He will come into my life like a comic book superhero, because he will be smooth enough to pull off a suit and tie, but clumsy enough to make me feel comfortable. And he will be strong. Strong enough to lift me up when the world tells me that I’m not good enough to breathe today, strong enough to take my hand and pull me out of the sea of negativity that I sometimes find myself swimming in, and strong enough to be proud of me for doing the best that I can. And he will be safe, safe enough to share all of my flaws with and safe enough to know that he will never throw them back in my face even though I will probably deserve it.
He will come into my life like a slow jam. Because he will know the exact rhythm that my heart beats to and he will know all of the words to my body’s song. Words like curvy and soft, supple and warm. He will know when to speed up, and when to slow down, and when to stop and let me catch my breath so I can take an escalator down from the cloud he placed me on. He will have hands that play me like piano keys and fingers that pluck my strings of passion the way Carlos Santana might play the guitar at a bonfire on a summer night.

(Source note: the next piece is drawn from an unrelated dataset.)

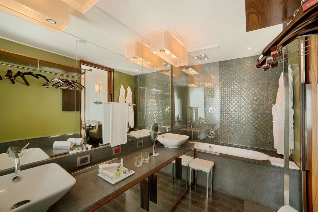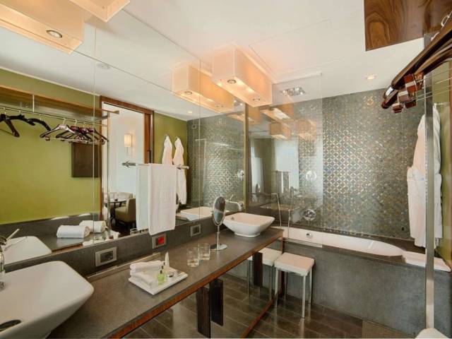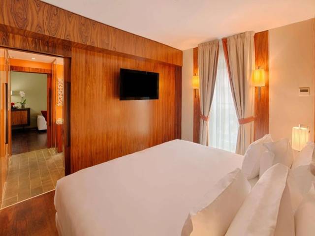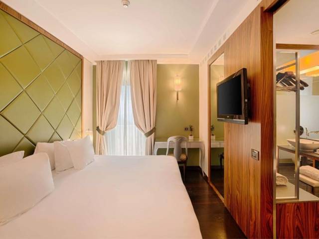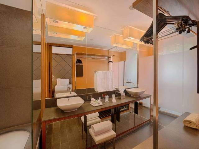 La habitación está decorada con calidez y cuenta con todo lo que necesitas para descansar después de un día largo y agitado. Incluye un reloj alarma, una ducha, una TV, un minibar, batas y pantuflas. Ten en cuenta que no todas las habitaciones incluyen todos los servicios mencionados.

He will come into my life like a book of poetry. Because he will be filled with pages describing how my lips taste like the best parts of all of the seasons, like cotton candy, parades, peppermint, and resurrection. He’ll have verses about how my hair reminds him of outer space because it is dark and shiny and makes him want to reach for something higher. He’ll have poems about how I remind him of mother earth because when he is with me he only thinks about wanting to grow into a better person. But he will already be the best.
He will come into my life like punctuation. Because he will understand that the curve of a question mark is nothing more than a winding road to the right answer. He will understand that hungry exclamation points lead to ardent evenings and rumpled sheets. And he will know that, together, we are a perfect statement, period.